A. Interscalene approach

a. Shoulder and proximal humerus surgery

a. Usual contraindications to peripheral nerve blocks (i.e., lack of consent, local infection at the injection site, allergy to local anesthetic agent).

b. Patients with preexisting obstructive or restrictive pulmonary pathology who are unable to withstand up to 30% reduction in pulmonary function consequent to ipsilateral phrenic nerve block/hemidiaphragmatic paralysis. In general, such patients have severe chronic obstructive pulmonary disease (COPD) and may be on home oxygen therapy.
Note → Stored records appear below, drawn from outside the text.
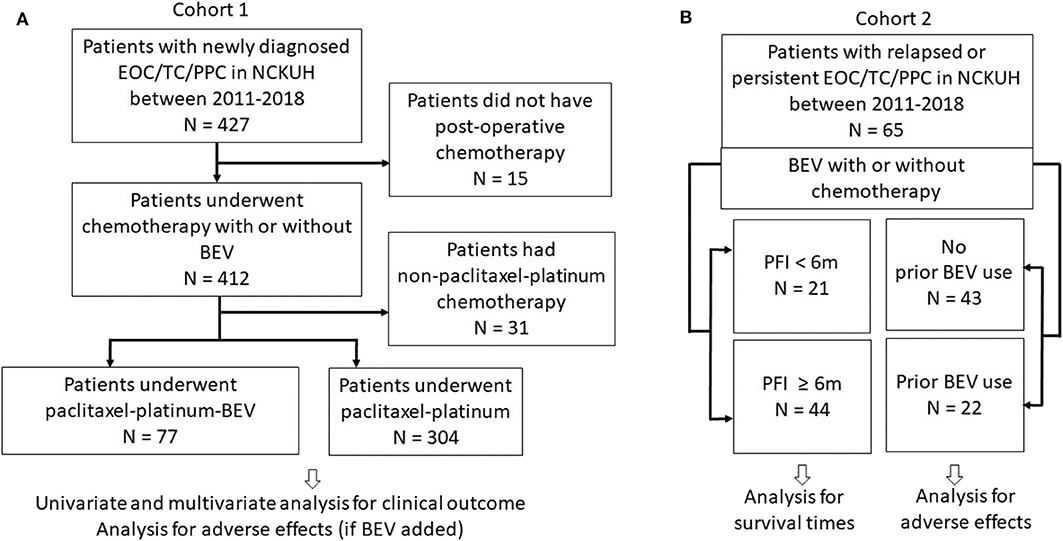 Figure 1. Study flow chart. (A) Cohort 1 patients underwent first-line paclitaxel-carboplatin chemotherapy with or without bevacizumab (BEV). (B) Cohort 2 patients with relapsed or persistent disease treated with BEV ± chemotherapy. Patients were also categorized as groups with progression-free interval (PFI) <6 and ≥6 m.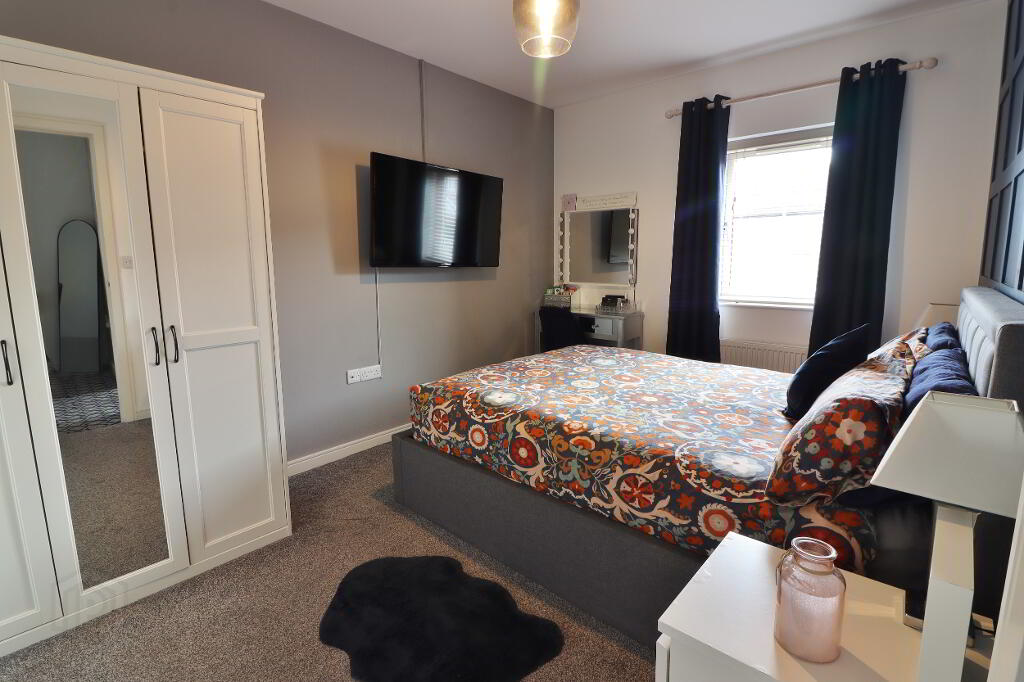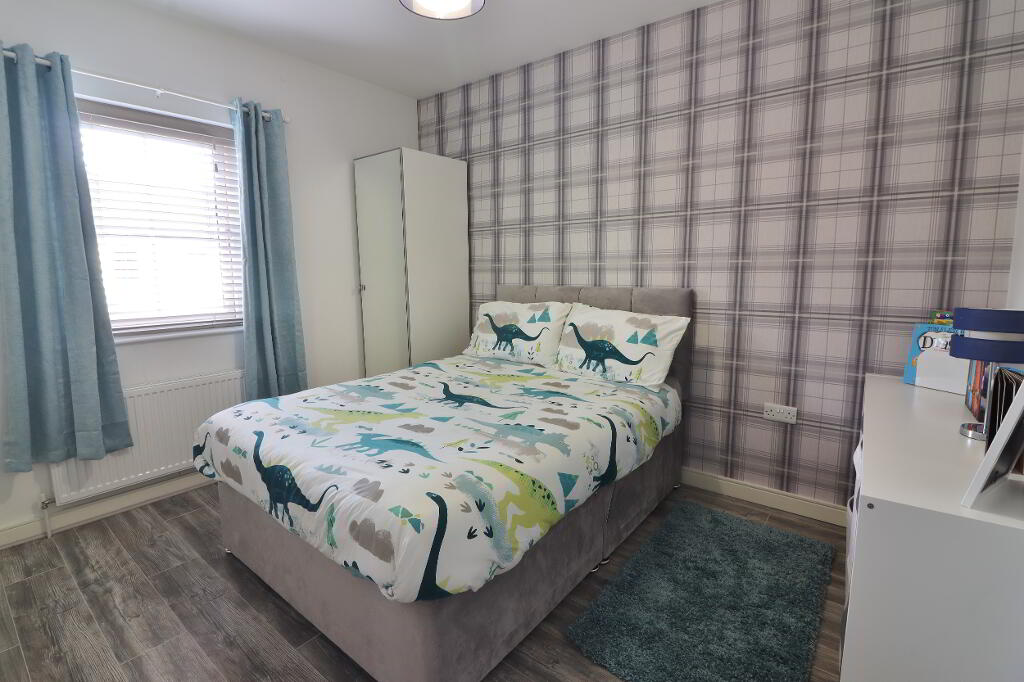 MASTER BEDROOM: 13’02” x 9’06”. Part panelled wall feature, double panel radiator, power points, aerial point.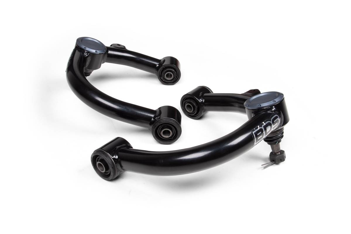 Upgrade the stock OE upper control arms on your 2015–2025 Toyota Hilux with BDS performance UCAs. Specially designed for leveled and lifted applications, these arms are constructed from high-strength 1.5-inch OD x 0.120-wall steel tubing and feature an indexed ball joint cup to precisely adjust ball joint positioning. Compatible with BDS lift kits as well as other lift and leveling kits on the market. Frame mounting ends feature durometer-specific rubber bushings and premium-quality ball joints for smooth, quiet operation and superior durability compared to arms featuring uniballs, poly bushings, or heims.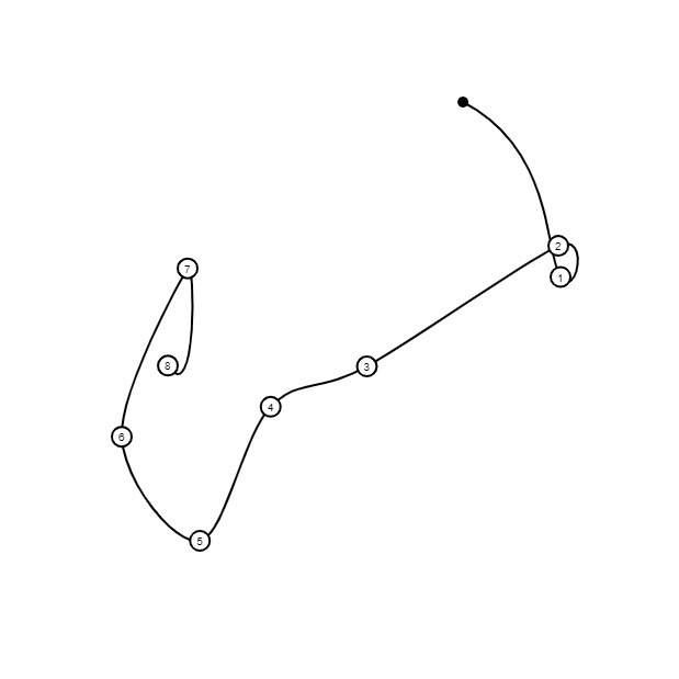 É dado com a partitura, um esquema de deslocação espacial e uma imagem que se trata de uma composição gráfica de todas estas indicações.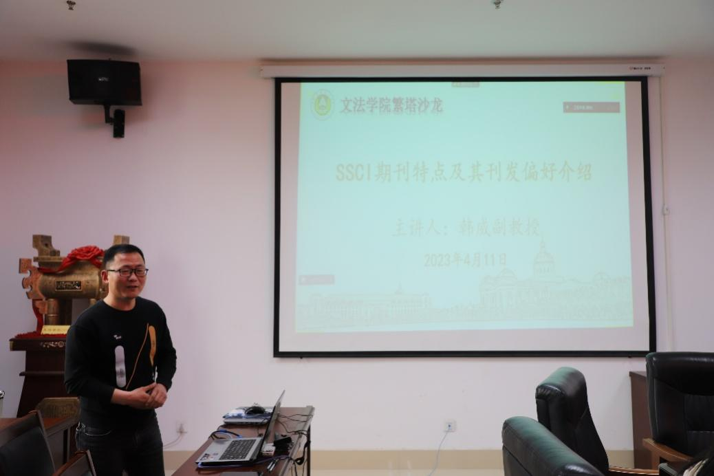 4月11日下午,暗网视频通过线上线下相结合的方式于龙子湖校区A310会议室开展繁塔学术沙龙活动。此次学术沙龙特邀请社会学系教师韩威以“SSCI期刊特点及其发刊偏好介绍”为主题进行分享,暗网视频四个系部多名老师积极参加。活动由副院长李伟主持。
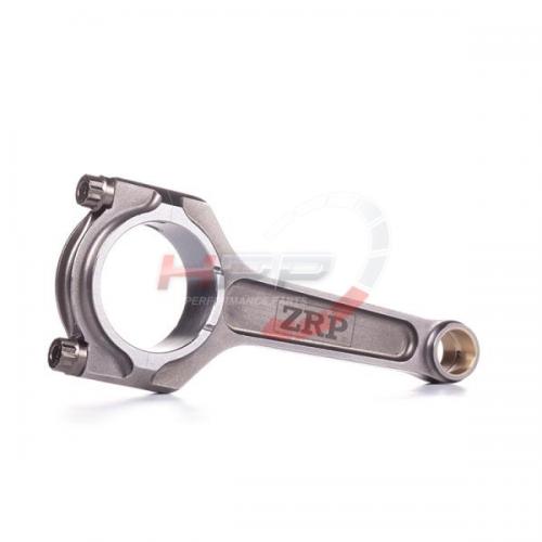 Kované ojnice od firmy ZRP se vyznačují perfektní kvalitou a přesností. Ojnice procházejí dodatečnými obráběcími procesy. Postranní žebrování minimalizuje kroucení ojnice a také redukuje její váhu. Pouzdra disponují radiální drážkou a jsou vyrobena ze slitin hliníku, bronzu a silikonu. Spojovací rukávy zaručují perfektní přesnost při montáži a opětovné použití. Drážkování v opěrných bodech poskytuje redukci váhy. Ojnice procházejí několika technickými kroky. Brokování zaručuje delší životnost. Magnaflux zaručuje kontrolu konzistence kovaného materiálu, který musí splňovat vysoký standard. Několika stupňový žárovací proces zaručuje vysokou pevnost, rozměrovou stálost a eliminuje únavu materiálu. Obrábění na CNC strojích zaručuje vynikající toleranci a přesnost 0.0003". Optimální vyvážení celé sady (+/- 1g). Přesnost osové vzdálenosti s tolerancí 001". Počítačová analýza Finite Element Analysis (FEA) odhaluje možné napětí. Šrouby ARP 2000 jsou rezistentní do upínací síly až 220.000psi, ARP L-19 pak až do síly 260.000/270.000psi. Kombinované testy prokázaly výdrž ojnic přes 700PS+ s použitím šroubů ARP 2000, se šrouby L-19 přes 800PS+ u 4-válcového motoru a 1000PS+ u 6-válcového motoru. Ojnice jsou dodávány s lubrikantem ARP moly a montážními instrukcemi.

3. Single injection technique. The patient is placed in a supine or semi-sitting position with the head turned toward the contralateral side. An ultrasound-guided traceback technique (starting from the supraclavicular fossa) is commonly used. The supraclavicular area is first scanned to locate the subclavian artery. The brachial plexus (cluster of trunks and divisions) can be found superolateral to the artery. Subsequently, the plexus is traced cephalad toward the cricoid cartilage until it becomes a column of hypoechoic nodules (roots/trunks) (Figs. 8.3 and 8.4). Using an in-plane technique and a lateral-to-medial direction, the subcutaneous tissues are infiltrated with local anesthesia. A 5-cm, shortbeveled block needle is then inserted. The target for this block is situated under the paraneurium, between the first and second hypoechoic nodules. Alternately, the operator can elect to deposit local anesthetic outside the paraneurium, between the middle scalene muscle and the brachial plexus. Extraparaneural injection will not affect the success rate, but the block will have a slightly shorter duration (6). A volume of 10 to 20 mL of local anesthetic is commonly used.